Researchers publishing in Aging Cell have elucidated a relationship between aging, the loss of smell, and NAD+ in a mouse model.
Olfactory ability declines with age
Roughly half of people over the age of 65 experience a decreased ability to smell [1], and research has shown that it is an early biomarker for neurodegenerative diseases, such as Alzheimer’s and Parkinson’s [2]. However, it can also occur even without such diseases.

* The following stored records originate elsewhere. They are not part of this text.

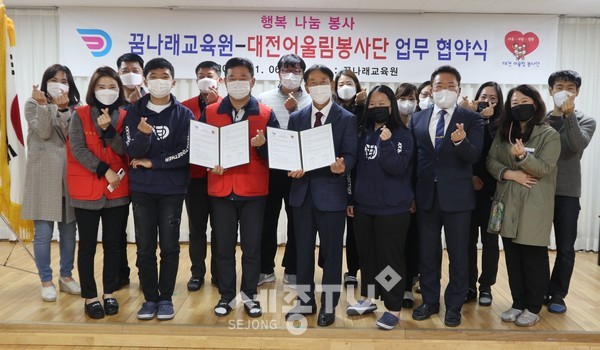 대전교육연수원(원장 이광우) 부설 꿈나래교육원에서는 11월 6일(금) 교직원 및 봉사단 관계자 14명이 참석한 가운데 ‘대전어울림봉사단’과 업무협약을 체결했다.
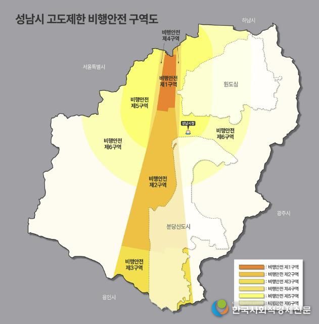 이번 수정안은 비행안전 5·6구역 약 45㎢를 대상으로 한 고도제한 완화 방안 3개 안으로, 태평·신흥·수진·성남·야탑·이매 등 24개 동이 포함된다. 성남시는 전체 면적 141.8㎢ 가운데 약 80㎢가 고도제한 규제 지역으로 묶여 있으며, 서울공항 활주로를 기준으로 비행안전구역이 1구역부터 6구역까지 구분돼 있다.
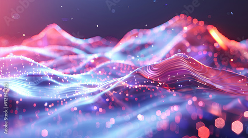 Wall mural : Abstract digital landscape with flowing particles and bokeh effect cyber futuristic background big d
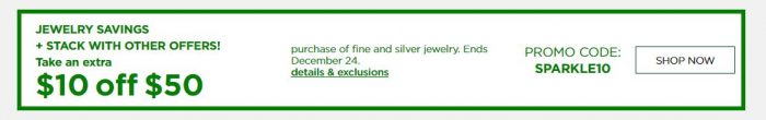- SPARKLE10 – Take an extra $10 off $50 purchase of fine and silver jewelry. Ends December 24.
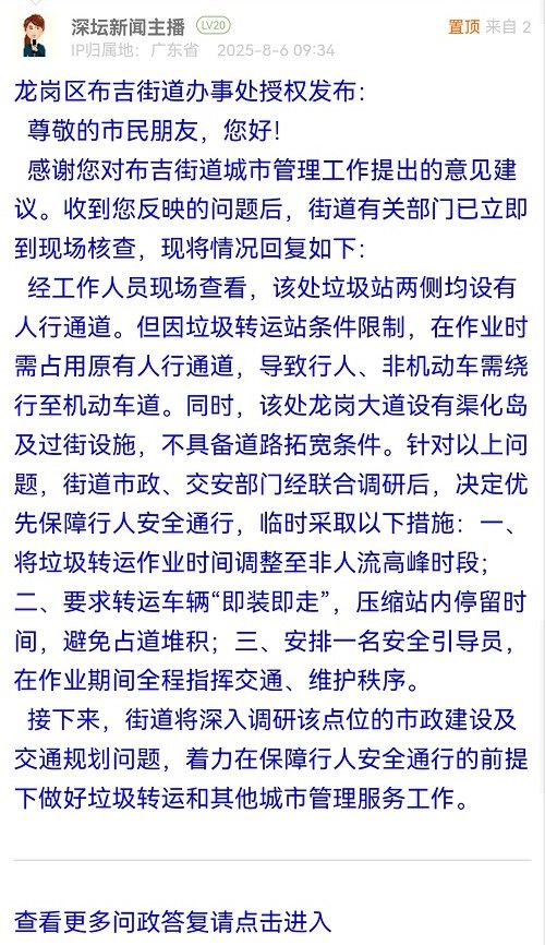 經(jīng)工作人員現(xiàn)場查看,該處垃圾站兩側(cè)均設(shè)有人行通道。但因垃圾轉(zhuǎn)運站條件限制,在作業(yè)時需占用原有人行通道,導(dǎo)致行人、非機動車需繞行至機動車道。同時,該處龍崗大道設(shè)有渠化島及過街設(shè)施,不具備道路拓寬條件。針對以上問題,街道市政、交安部門經(jīng)聯(lián)合調(diào)研后,決定優(yōu)先保障行人安全通行,臨時采取以下措施:一、將垃圾轉(zhuǎn)運作業(yè)時間調(diào)整至非人流高峰時段;二、要求轉(zhuǎn)運車輛“即裝即走”,壓縮站內(nèi)停留時間,避免占道堆積;三、安排一名安全引導(dǎo)員,在作業(yè)期間全程指揮交通、維護(hù)秩序。
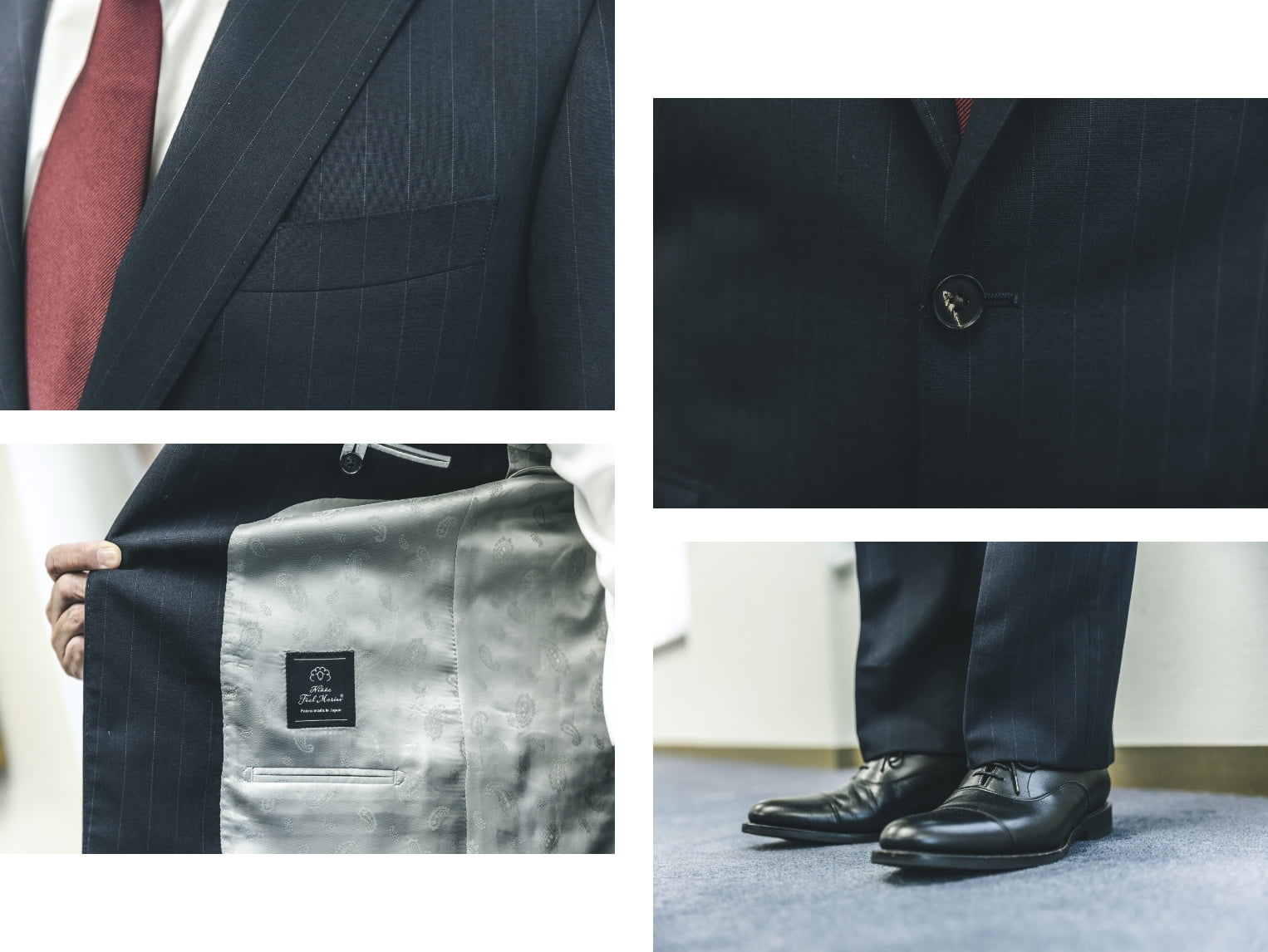 今回仕立てていただくときには、着ていて軽く暖かいものがほしかったんです。実は私は、上背があるので既製のスーツであまり合うものがなく困ることも。ですから「SHITATE」でスーツを作るのは楽しみでしたね。細いストライプのスーツがほしくて、今回、この生地を選ばせていただきました。本当にしなやかで着心地がいい。それに色も落ち着いた感じで気に入りました。

Tests have been thoroughly developed to determine performance in four major areas of olfaction: detection, sensitivity, habituation, and discrimination. These four areas are common between mice and human beings [2]. These four tests, along with biomarker examinations, were incorporated into this study.
A detailed examination
In the detection test, hungry wild-type mice were placed into an enclosure with buried food, and the amount of time needed to find and dig up the food was measured. Mice at 5, 13, and 21 months of age all performed similarly; however, mice at 31 months of age were much slower. As all of these mice moved at similar speeds, the results were not due to mobility.
Younger mice were much more able to differentiate pure water from water mixed with orange extract at a very low concentration. This sensitivity was shown to decrease somewhat at 21 months, and it was severely impaired at 31 months.
Mice spend less time sniffing at odors they recognize, and this fact was used for habituation tests. While older mice spent less time sniffing in general, even old mice were able to become habituated to familiar odors.
Like many other social mammals, such as dogs, mice can identify each other by the smell of their urine, and this fact was used as part of the discrimination test. This particular ability seemed to be steadily lost after the age of five months. However, discrimination testing for food odors showed that even the old mice could distinguish between such foods as lemons and limes.
Biomarker tests run on the mice’s olfactory tissue corroborated these results. Cholesterol metabolism was altered, some metabolites showed effects on the immune system, and osmolytes, which are responsible for cellular volume and can affect neuronal function [3], were altered as well. Inflammation was also found to be increased, as were immune-related microglia and astrocytes. As expected, biomarkers of DNA damage were increased in the older mice.
NR restored some ability
As occurs in many other tissues with aging, the older mice had reduced levels of NAD+ in their olfactory centers. While 24-month-old mice given NR in their water for eight months did not show any advantages over a control group in olfactory sensitivity or discrimination, they did significantly improve in the buried food test. The treated mice lived longer on average, and proteins related to DNA damage were also significantly decreased, which corroborates a previous study [4].
Conclusion
While this study sheds considerable light on how mice age in their sense of smell, and what biomarkers in the olfactory region change with age, more research is needed to understand the root causes and develop potential treatments. NAD+ does seem to be a piece of this puzzle, but more pieces will need to be filled in if the sense of smell can be fully restored to older mice and to older people.
Literature
[1] Palmquist, E., Larsson, M., Olofsson, J. K., Seubert, J., Bäckman, L., & Laukka, E. J. (2020). A prospective study on risk factors for olfactory dysfunction in aging. The Journals of Gerontology: Series A, 75(3), 603-610.
[2] Dan, X., Wechter, N., Gray, S., Mohanty, J. G., Croteau, D. L., & Bohr, V. A. (2021). Olfactory dysfunction in aging and neurodegenerative diseases. Ageing Research Reviews, 70, 101416.
[3] Fisher, S. K., Heacock, A. M., Keep, R. F., & Foster, D. J. (2010). Receptor regulation of osmolyte homeostasis in neural cells. The Journal of Physiology, 588(18), 3355-3364.
[4] Hou, Y., Wei, Y., Lautrup, S., Yang, B., Wang, Y., Cordonnier, S., … & Bohr, V. A. (2021). NAD+ supplementation reduces neuroinflammation and cell senescence in a transgenic mouse model of Alzheimer’s disease via cGAS–STING. Proceedings of the National Academy of Sciences, 118(37), e2011226118.